-- Given entries follows --

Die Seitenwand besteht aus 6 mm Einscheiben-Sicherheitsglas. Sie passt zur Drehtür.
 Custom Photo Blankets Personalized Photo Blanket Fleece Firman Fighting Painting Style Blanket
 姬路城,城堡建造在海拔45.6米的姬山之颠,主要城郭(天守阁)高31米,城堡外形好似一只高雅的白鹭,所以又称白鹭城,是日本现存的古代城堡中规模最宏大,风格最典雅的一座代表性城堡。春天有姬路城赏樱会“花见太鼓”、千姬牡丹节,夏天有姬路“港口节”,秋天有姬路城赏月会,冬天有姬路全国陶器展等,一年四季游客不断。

-- Given entries concluded --
-- Given entries follows --

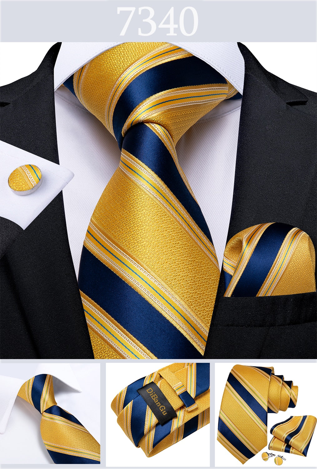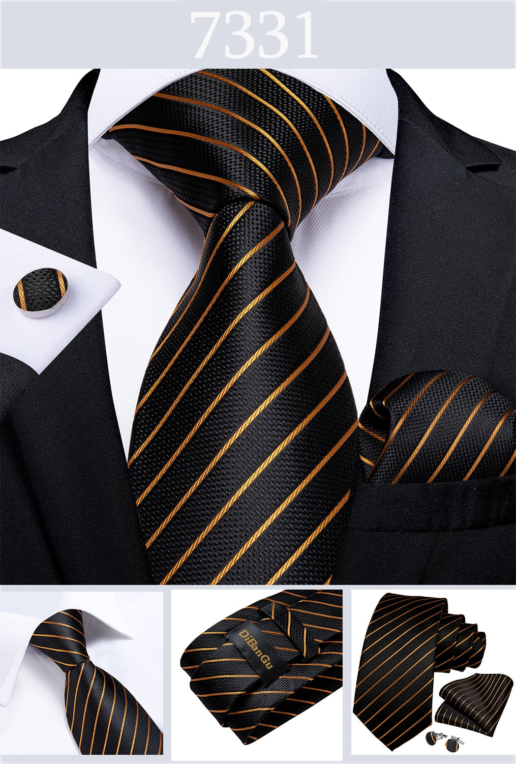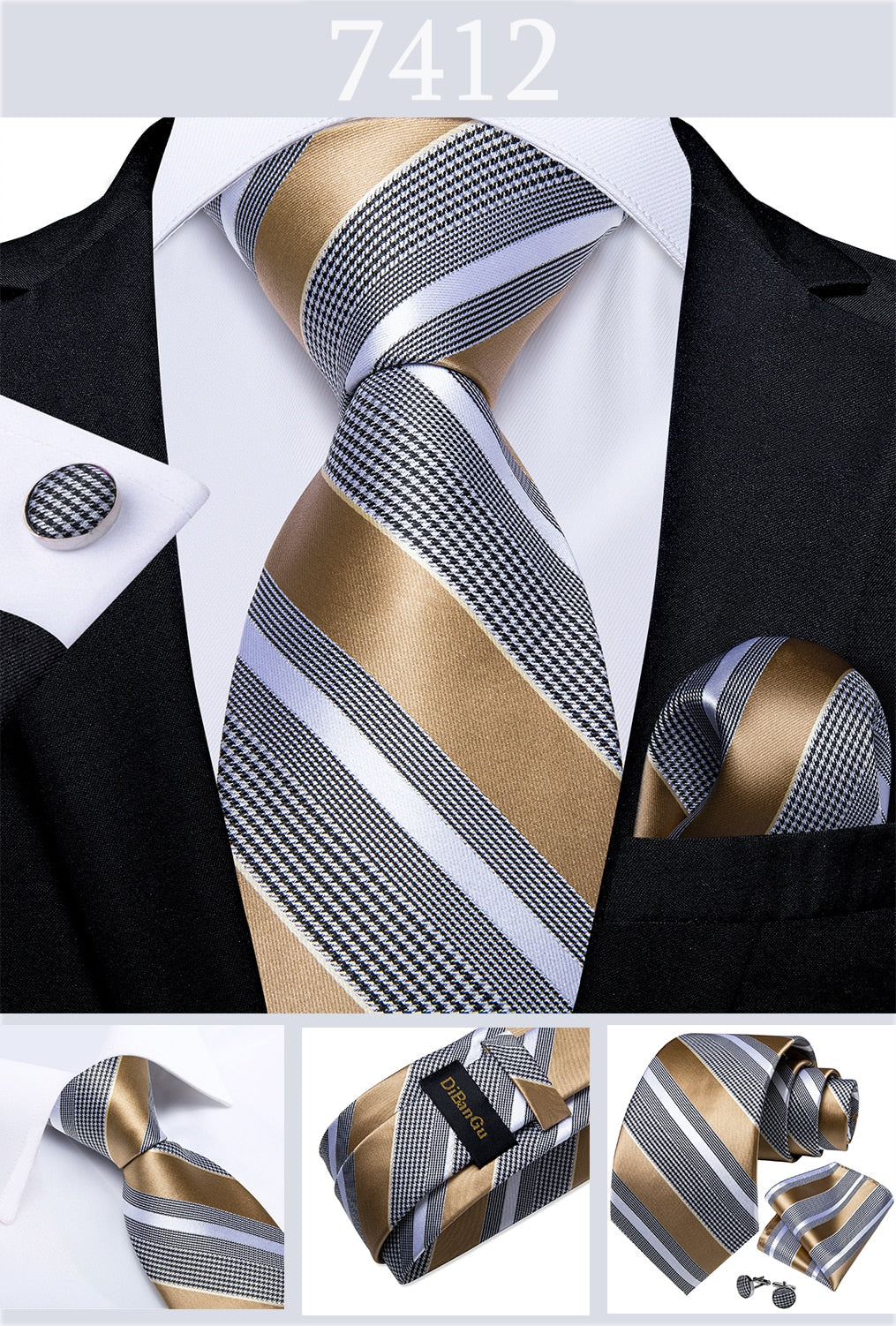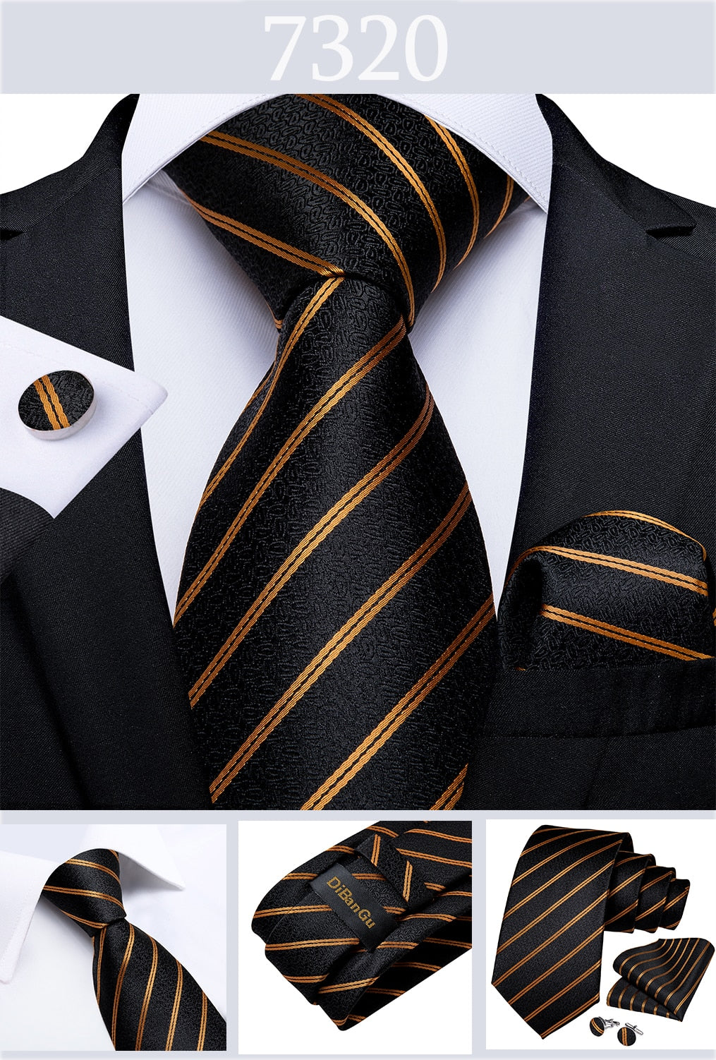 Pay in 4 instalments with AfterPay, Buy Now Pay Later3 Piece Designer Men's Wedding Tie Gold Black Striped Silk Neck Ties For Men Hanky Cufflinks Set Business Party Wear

-- Given entries concluded --

§ **About this exercise**:
Copy out, word for word, the part of the entries above that begins at the line with "Die Seitenwand besteht" and ends at the line with "姬路城,城堡建造在海拔45.", including both.

§ **Final answer**:
Die Seitenwand besteht aus 6 mm Einscheiben-Sicherheitsglas. Sie passt zur Drehtür.
 Custom Photo Blankets Personalized Photo Blanket Fleece Firman Fighting Painting Style Blanket
 姬路城,城堡建造在海拔45.6米的姬山之颠,主要城郭(天守阁)高31米,城堡外形好似一只高雅的白鹭,所以又称白鹭城,是日本现存的古代城堡中规模最宏大,风格最典雅的一座代表性城堡。春天有姬路城赏樱会“花见太鼓”、千姬牡丹节,夏天有姬路“港口节”,秋天有姬路城赏月会,冬天有姬路全国陶器展等,一年四季游客不断。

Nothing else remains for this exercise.